High-fructose corn syrup, a common sweetener found in soft drinks, has been found to interfere with memory and learning, according to a study published on May 15, 2012.


Scott Olson

One Massachusetts mayor is following in the footsteps of New York City Mayor Michael Bloomberg.

Cambridge, Mass. mayor Henrietta Davis wants to limit the size of soda and sugary beverages sold in city restaurants, according to CBS News. Davis said the resolution is an attempt to address obesity and diabetes.

"As much free will as you can have in a society is a good idea," Davis said, according to the Associated Press. "...But with a public health issue, you look at those things that are dangerous for people, that need government regulation."

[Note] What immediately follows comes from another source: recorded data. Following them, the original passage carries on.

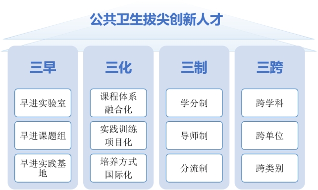 拔尖创新实验班以“三早三化三制三跨”为培养特色,引导学生早进实验室、早进课题组、早进实践基地,注重课程体系融合化、实践训练项目化、培养方式国际化,采取学分制、导师制、分流制,推动跨学科、跨单位、跨类别培养,探索有组织的公共卫生拔尖创新人才自主培养新范式。
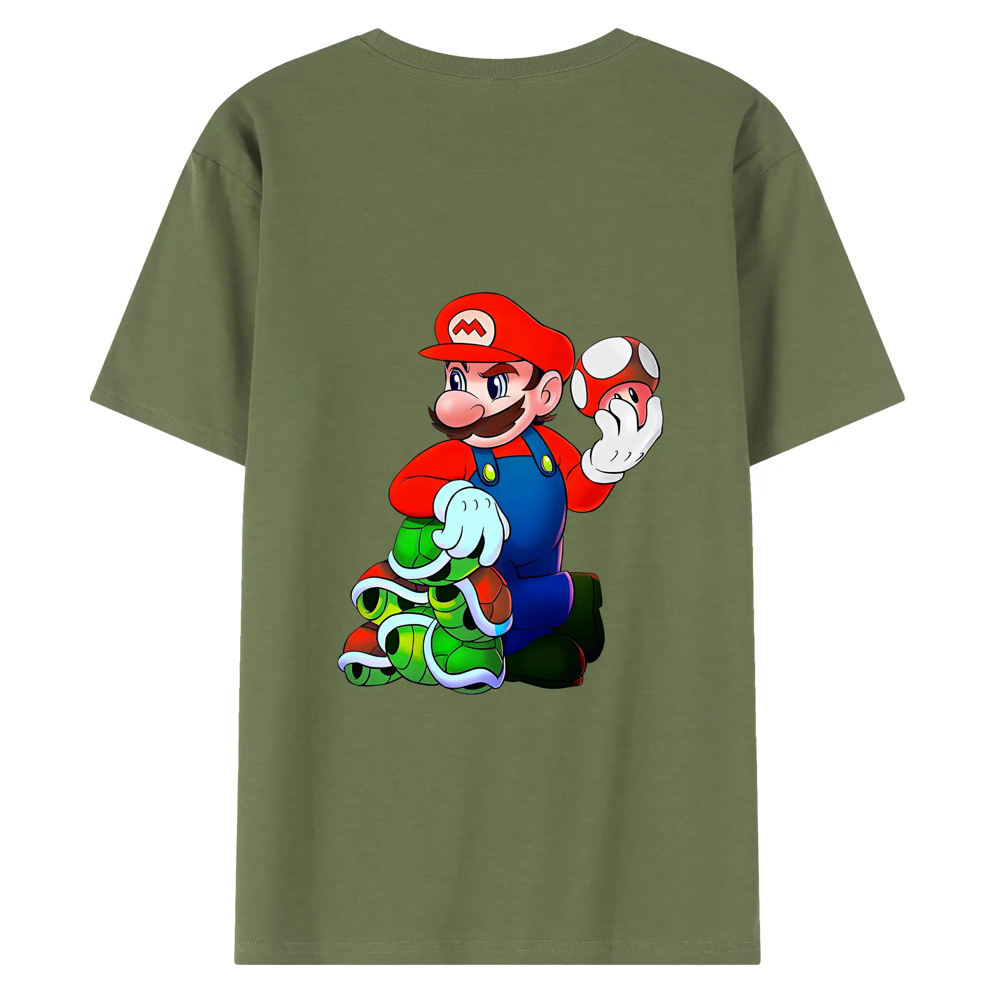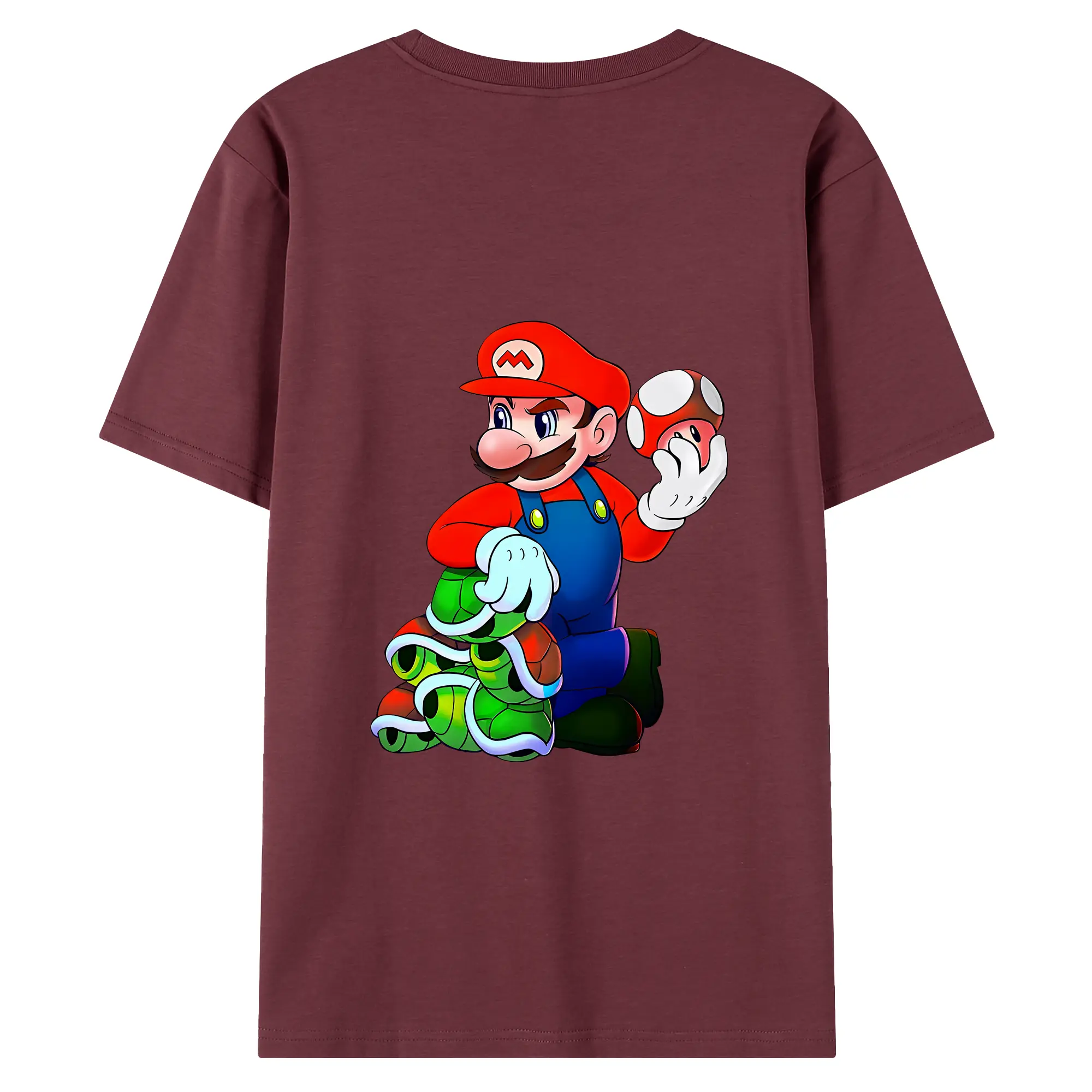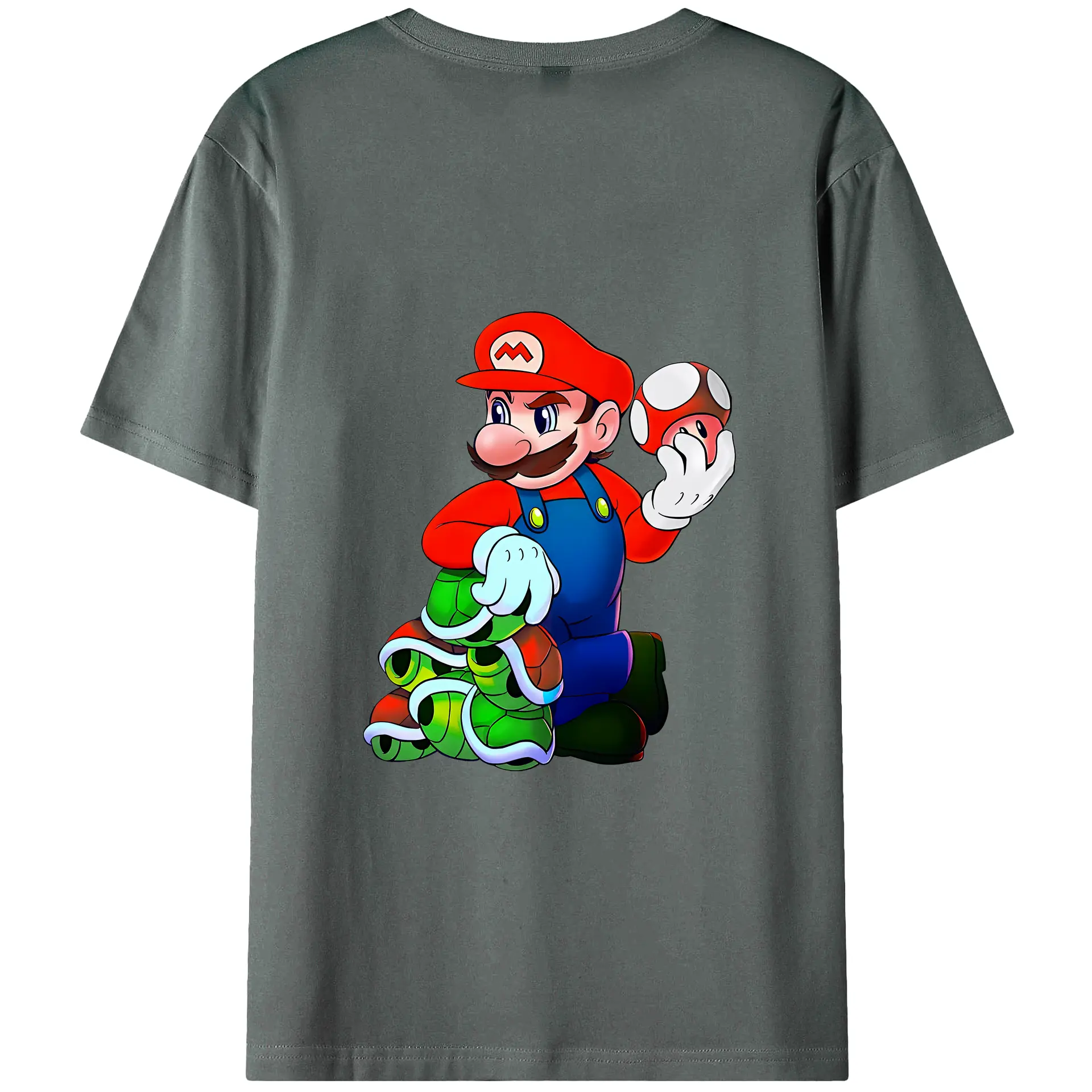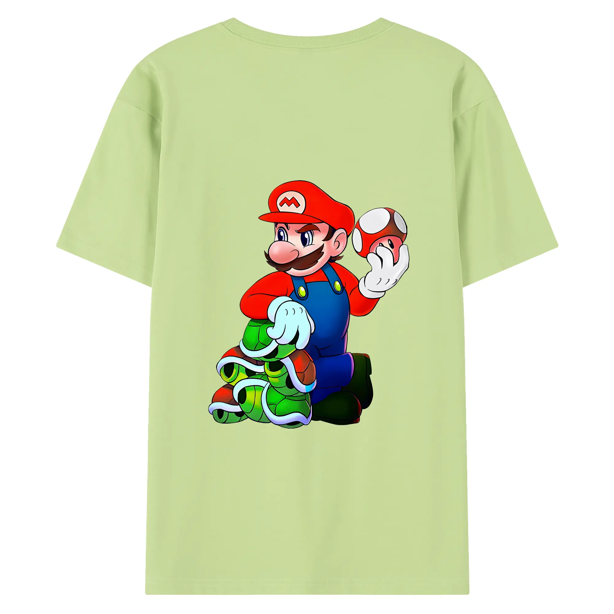マリオ グッズ マリオ - 綿100% ヴィンテージ風 半袖Tシャツ ・ 背面プリント ・ 柔らか肌触り ・ 通気性 快適 ・ スポーツ カジュアル 外出用
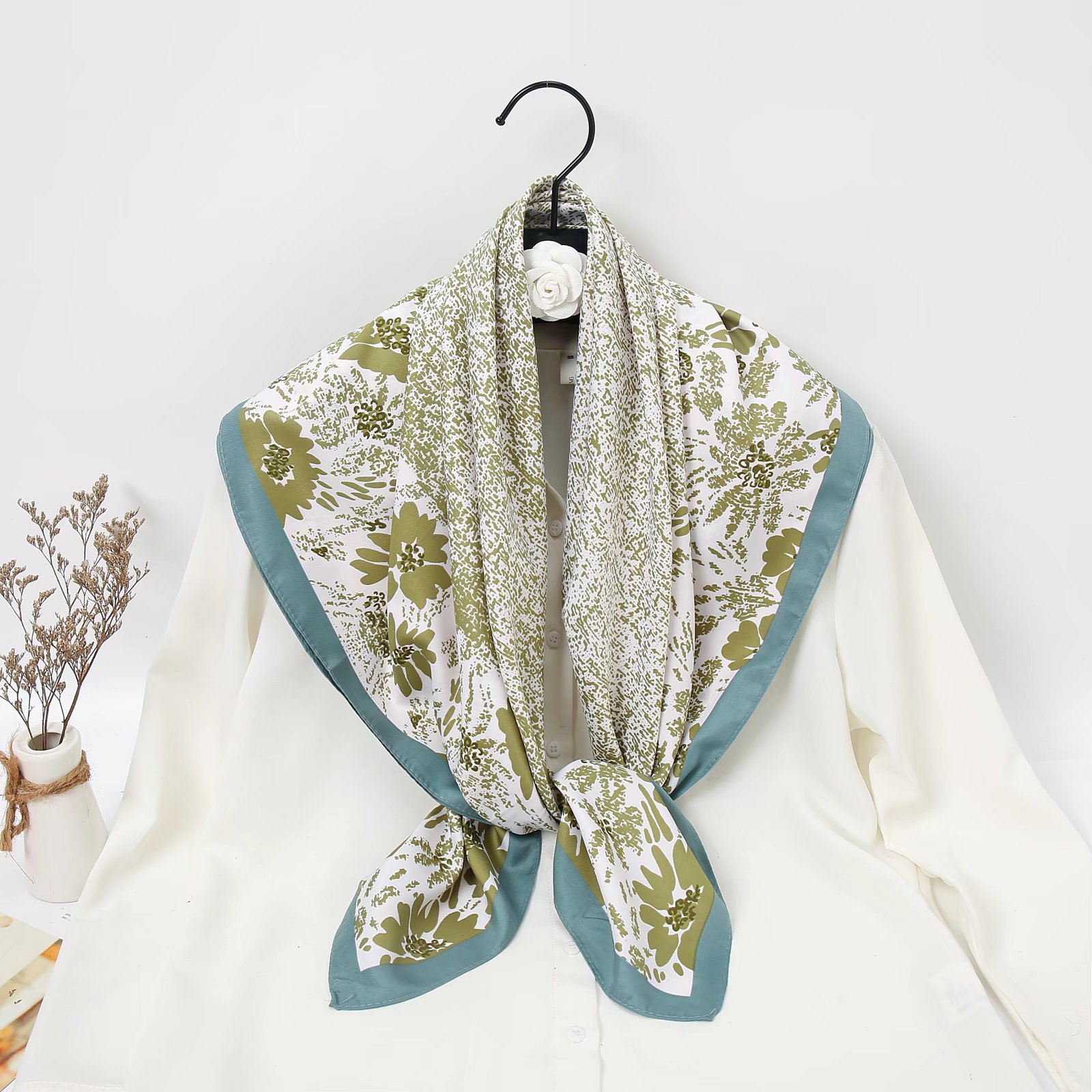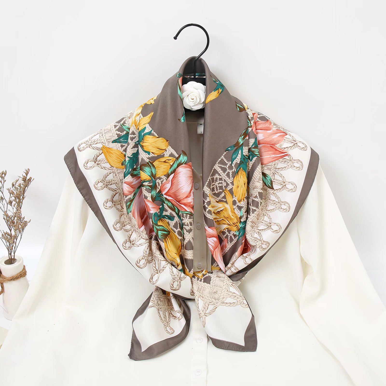 중국 스타일 실크 스카프 여성용 대형 스퀘어 스카프 90x90cm 숄 대형 이중 사용 여성용 봄과 가을 얇은 스카프
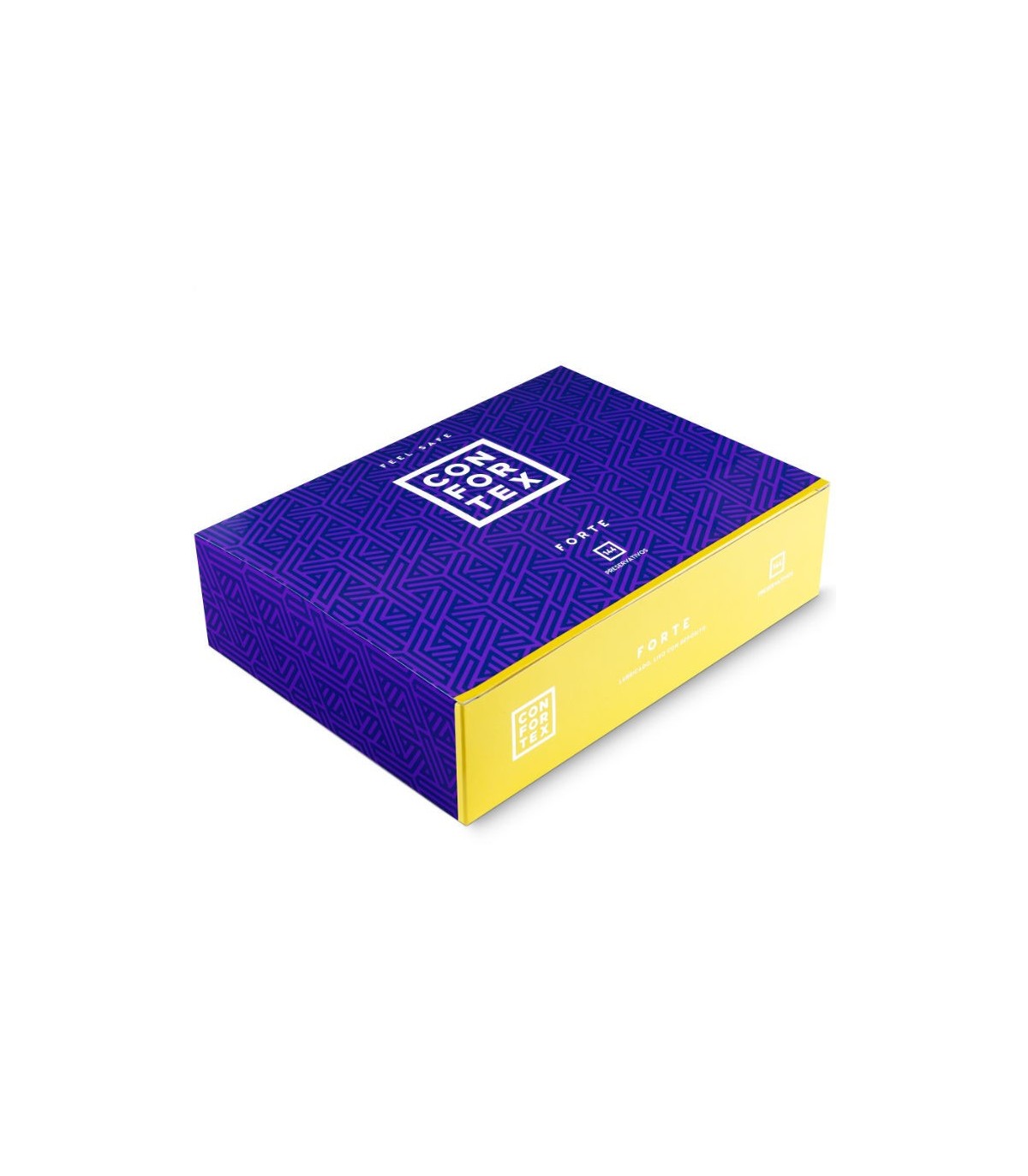 Los inconfundibles diseños junto a su atrevida combinación de colores hacen de CONFORTEX FORTE un producto fácil de identificar con el que experimentarás un sexo seguro más divertido.
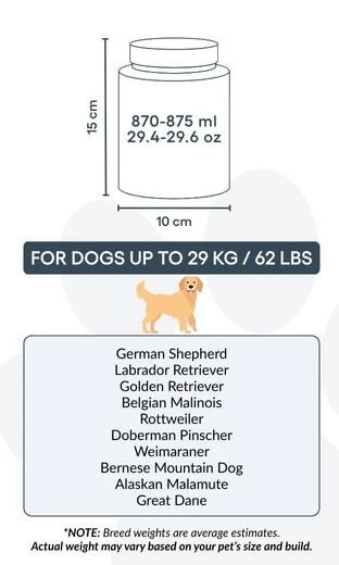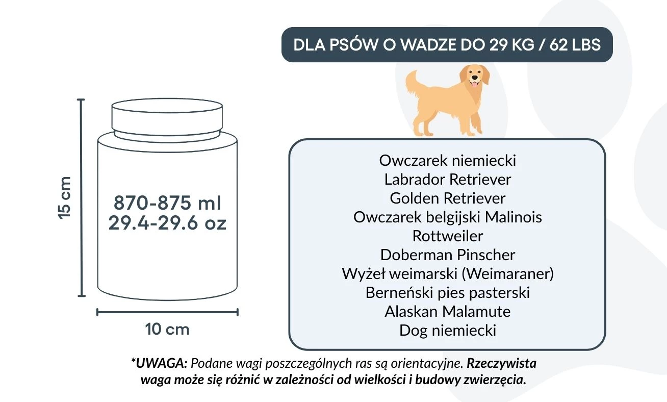 10 cm (Szer.) × 15 cm (Wys.) × 10 cm (Dł.) | 870–875 ml / 29,4–29,6 oz – odpowiednia dla psów do ok. 29 kg / 62 lbs

The measure was inspired New York City Mayor Michael Bloomberg's recent proposal to ban drinks over 16 ounces, making it illegal in restaurants, movie theaters and for sale by street vendors, the New York Times reported.

More from GlobalPost: High-fructose corn syrup alters learning, memory

Cambridge is across the river from Boston and is home of a number of universities including Harvard and MIT.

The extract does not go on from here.